Сделать книгу. Устроиться хотя бы в газету корреспондентом… Ремонт вон в квартире пора начинать… Да и личную эту самую жизнь пора окрасивить… Эх, Игорь, Игорь – Игорь Александрович! Ведь все молодые годы свои читал журнал «Юность», питался её рафинированной молодёжной прозой, призывающей безжалостно бросать запутанное прошлое и настоящее, мчаться в неведомые дали, на новые места, начинать новый отсчёт судьбы. Да и правда – это самый лучший выход: собрать чемоданишко и махнуть куда-нибудь в Сибирь, в районную газетку где-нибудь в тайге, вдохнуть свежего воздуха, омолодиться душой и телом. Грызть кедровые орешки, ходить на медвежью охоту, влюбиться в дочку лесника – в какую-нибудь Олесю…

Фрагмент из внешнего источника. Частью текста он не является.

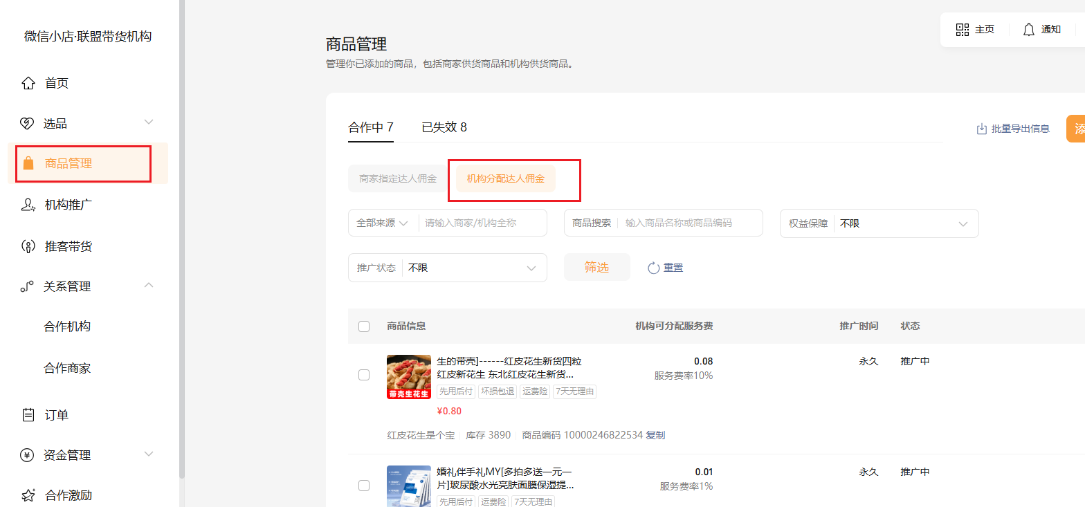 2.并且小程序用户成为推客并绑定联盟带货机构后 通过何种方式在小程序中售卖联盟机构中添加的合作商品 推客如何从中获取分佣?

Игорь мечтал, но помнил в глубине сознания, что мечтает и что вряд ли решится на такой подвиг. А вот более реально: убедить себя всерьёз и по-настоящему, что с Ариной всё кончено, что они никогда не соединятся, что образ её со временем потускнеет, голос сотрётся в его памяти, запах забудется, и будет лишь теплая лёгкая грусть просыпаться в душе при случайном воспоминании об Арине. Благодарная грусть, такая же сладкая, как при воспоминаниях о Гале, Лиде, Маше, Лене и ещё двух-трёх девочках, девушках и женщинах, которых в своё время Игорь любил счастливо, всерьёз, и, расставаясь с ними, думал, что не переживёт этого…

Пережил.

Итак, заглушить поскорее тягу к Арине, вернуться в семью, попробовать склеить разбитые отношения, пожалеть Зою. Глядишь, и всё вернётся на круги своя: они с женой доживут свой век мирно, в согласии, спокойно, пусть без бурных чувств, но в крепкой супружеской дружбе… Мало ли таких семей!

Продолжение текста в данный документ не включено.